_WORK TO BE COMPLETED_. Extract only the lines running from the top of the entries to the line that holds "3. мясной фарш". Include that line and omit the pictures.

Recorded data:

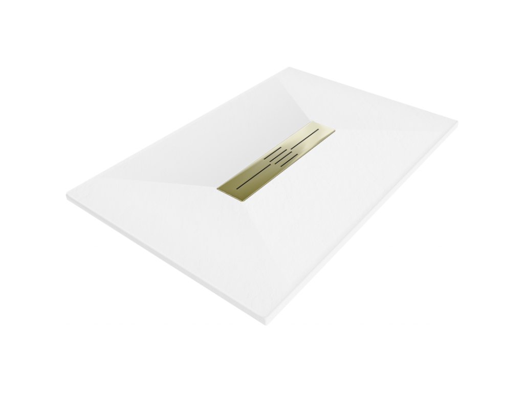 Obdĺžniková sprchová vanička Mexen Toro SMC s rozmermi 140 x 80 cm je ideálnym riešením do každej kúpeľne. Jej moderná biela farba a zlatá mriežka jej dodávajú elegantný nádych. Vďaka svojej ultratenkej konštrukcii (2,6 cm) a robustnému materiálu SMC je sprchová vanička mimoriadne trvanlivá a odolná voči deformácii. Okrem toho je vďaka možnosti rezania a montáže vo vodorovnej polohe alebo na podlahu veľmi univerzálna. Pre ešte väčšiu funkčnosť je súčasťou balenia sifón s priemerom odtoku 90 mm.Dodatočné parametre
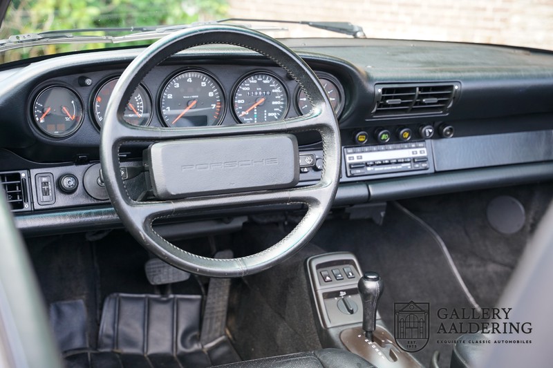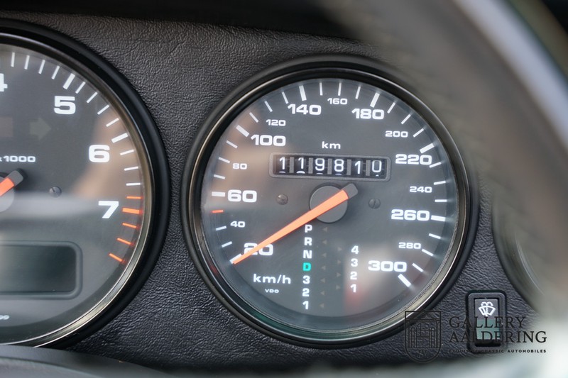 The technology of the 964 is perfectly taken care of. The car has always been offered for maintenance at the Porsche importer in Leusden. The engine was completely overhauled in 1998 and has been perfectly maintained since then. In 2015 the engine was repackaged and then regularly serviced. Of course, the invoices for the maintenance are present with the car. The Porsche 964 is powered by a 3.6 litre six-cylinder boxer engine that produces 260 hp at 6,1000 rpm. The engine is coupled to a four-speed automatic transmission that you can also shift yourself using the Tiptronic mode. The Porsche goes from 0-100 in 6.2 seconds and reaches a top speed of 256 kilometres per hour. Even after 31 years still has excellent performance.
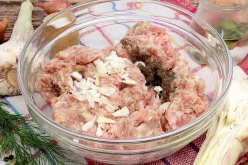 3. мясной фарш посыпаем солью, молотым черным перцем, добавляем измельченные репчатый лук и зубцы молодого чеснока. Заранее запариваем пару листов лавра примерно в 50 мл кипятка. Слегка остудив, раствор переливаем к фаршу и основательно вымешиваем. Пряный аромат усилит вкус и подарит начинке сочность.
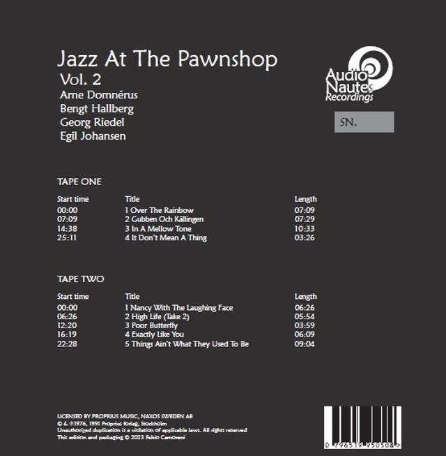 Another selection of the world-famous 1976 analogue recordings at the Pawnshop Jazz Club in Stockholm, Sweden, with the outstanding Domnerus Group (still going strong). And a token of sound engineer Gert Palmcrantz's mastership!
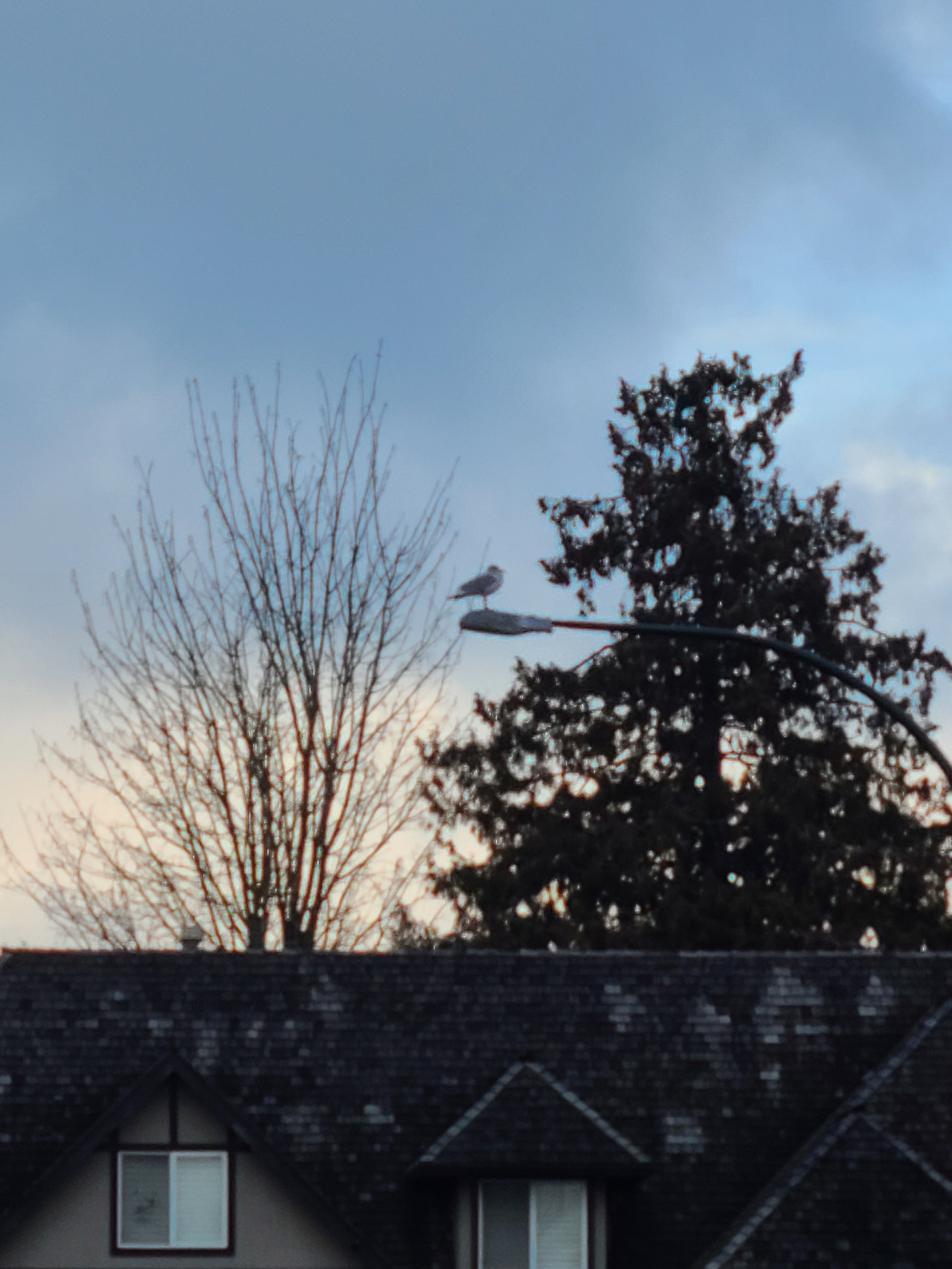 집 앞 가로등 위의 갈매기

_TASK SOLUTION_.
 Obdĺžniková sprchová vanička Mexen Toro SMC s rozmermi 140 x 80 cm je ideálnym riešením do každej kúpeľne. Jej moderná biela farba a zlatá mriežka jej dodávajú elegantný nádych. Vďaka svojej ultratenkej konštrukcii (2,6 cm) a robustnému materiálu SMC je sprchová vanička mimoriadne trvanlivá a odolná voči deformácii. Okrem toho je vďaka možnosti rezania a montáže vo vodorovnej polohe alebo na podlahu veľmi univerzálna. Pre ešte väčšiu funkčnosť je súčasťou balenia sifón s priemerom odtoku 90 mm.Dodatočné parametre
 The technology of the 964 is perfectly taken care of. The car has always been offered for maintenance at the Porsche importer in Leusden. The engine was completely overhauled in 1998 and has been perfectly maintained since then. In 2015 the engine was repackaged and then regularly serviced. Of course, the invoices for the maintenance are present with the car. The Porsche 964 is powered by a 3.6 litre six-cylinder boxer engine that produces 260 hp at 6,1000 rpm. The engine is coupled to a four-speed automatic transmission that you can also shift yourself using the Tiptronic mode. The Porsche goes from 0-100 in 6.2 seconds and reaches a top speed of 256 kilometres per hour. Even after 31 years still has excellent performance.
 3. мясной фарш посыпаем солью, молотым черным перцем, добавляем измельченные репчатый лук и зубцы молодого чеснока. Заранее запариваем пару листов лавра примерно в 50 мл кипятка. Слегка остудив, раствор переливаем к фаршу и основательно вымешиваем. Пряный аромат усилит вкус и подарит начинке сочность.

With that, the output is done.